De esa manera, cada mañana el joven ayudante llegaba más temprano, para ayudar a levantar a los abuelos y darles un baño, como decía Gonzalo:” con agua tibia por favor, que es muy temprano”; unos amables, otros tristes, algunos cansados de la vida y otros con muchos deseos aun por cumplir, y José en medio de ellos haciéndoles travesuras y devolviéndoles alegría, pero eso sí, sin que las religiosas lo vieran, porque eran muy serias y respetuosas. Así José, se bañaba con ropa mientras ayudaba a otros a ducharse, haciendo morisquetas y juegos, despertaba a los más dormilones haciéndoles temblar la cama desde abajo, para que creyeran que era un terremoto y así se levantaban rápido, o gritando desde la ventana “ fuego” con lo cual hasta Danilo, el que poco oia llegó rapidísimo al comedor… y las comidas… que decir acerca de las comidas y de su manera especial de alimentar a los más débiles, haciéndoles montañas rusas a cada cucharada, cosquillas en el estómago para que abrieran grande la boca o imitando a un cantante de ópera barrigón y creido para que distraídos, pudiesen darles la pastilla que tanta guerra hacían para tomar.
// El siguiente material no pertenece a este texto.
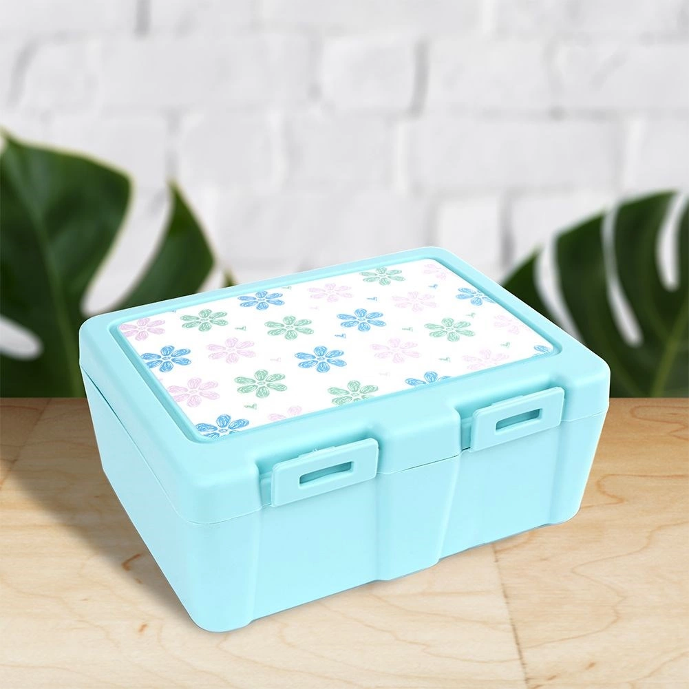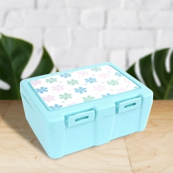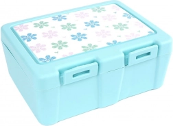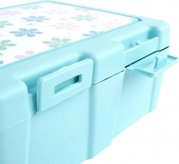 Stylowe pudełko śniadaniowe w niebieskim odcieniu z kwiatowym motywem na pokrywce utrzyma Twoje jedzenie przejrzyście rozdzielone i bezpiecznie zamknięte. Wewnętrzna przegroda tworzy dwie strefy dla różnych rodzajów potraw, a praktyczny spork 2 w 1 (łyżka + widelec) ma swoje miejsce pod pokrywką, więc zawsze będziesz mieć go pod ręką.

José decía que tras cada uno de sus enojos, tristezas y desesperanza había una historia en la que una palabra de aliento, un abrazo o el conocimiento de contar con alguien más, hubiese hecho la diferencia; es por eso que cada día dedicaba su hora de descanso a conversar con alguno de los viejitos, preguntarles por su vida, dejarlos contarle sus historias, y aunque muchas veces ni siquiera se les entendía lo que decían, siempre escuchaba con atención y encontraba la manera especial de responderles y hacerle preguntas que los hicieran continuar hablando. La emoción más grande para ellos fue cuando José les llevó a María para que la conocieran, y les pidió a las hermanas poder casarse en la capilla de la casa para que estuvieran todos allí presentes y todos asisiteron con sus trajes de gala, flamantes y alegres de ver a su amigo materializando su sueño, con el cual José partió a Venezuela, junto a la familia de su esposa a probar suerte en una panadería.
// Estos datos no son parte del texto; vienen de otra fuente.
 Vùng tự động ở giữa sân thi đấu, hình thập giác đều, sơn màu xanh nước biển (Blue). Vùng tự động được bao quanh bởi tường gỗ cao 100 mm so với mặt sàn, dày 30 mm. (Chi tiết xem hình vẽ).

Ya en América, tuvieron dos hijos, que se criaron escuchando las historias de cada abuelo, sus gestos, ocurrencias y dolencias, pero José siempre los extrañó y pensó en ellos hasta aquella mañana de marzo en su corazón dejó de latir, pero en su testamento pidió que parte de su dinero fuera enviado a las hermanas para ayudar a mantener a sus amigos, los abuelos. En respuesta a aquella comitiva, las hermanas enviaron una fotografía, que retrata a los amigos inseparables junto a un texto, en el que expresaron lo maravilloso que había sido José en el tiempo que compartieron, y cómo está presente y vivo en la memoria de cada uno de los abuelos que aún viven allí, porque José les entregó más que cualquier otra persona, su amistad y devoción.
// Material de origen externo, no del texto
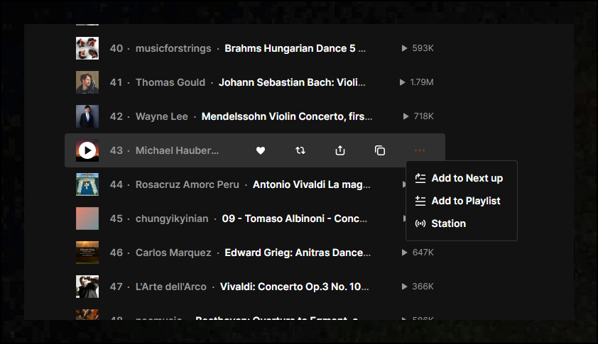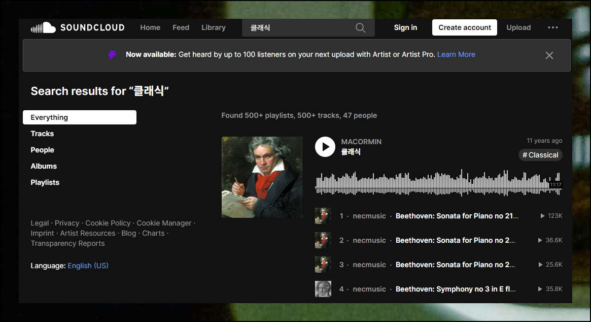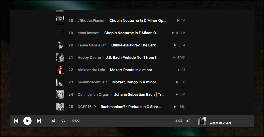 개인적으로 클래식을 검색해봤는데요. 정말 놀라운 결과가 나왔어요. 무료로 접근할 수 있는 콘텐츠가 엄청나게 많더라고요. 플레이리스트는 일종의 모음집이라고 할 수 있는데요. 꽤 많은 곡이 하나의 모음으로 묶여 있는 것입니다. 이런 모음집을 클릭하면 여러 곡을 연속으로 감상할 수 있어요.

Hoy, más de 60 años después de esa imagen, pienso en José, mi abuelo, y lamento no haber podido y devolverle algo de todo lo que entregó a cada uno de esos señores, que sólo lo tenían a él y a las religiosas que lo cuidaban, pero en cada anciano con el que converso, y me cuenta su historia, en sus risas y en sus anécdotas, a veces ficticias, me siento más cerca de él, de su legado, de la vida que dio dando vida y esperanza a otros, siendo ocurrente y carismático con quien más lo necesitaba y estoy segura que se volvieron a encontrar y estarán compartiendo y riendo en el más allá.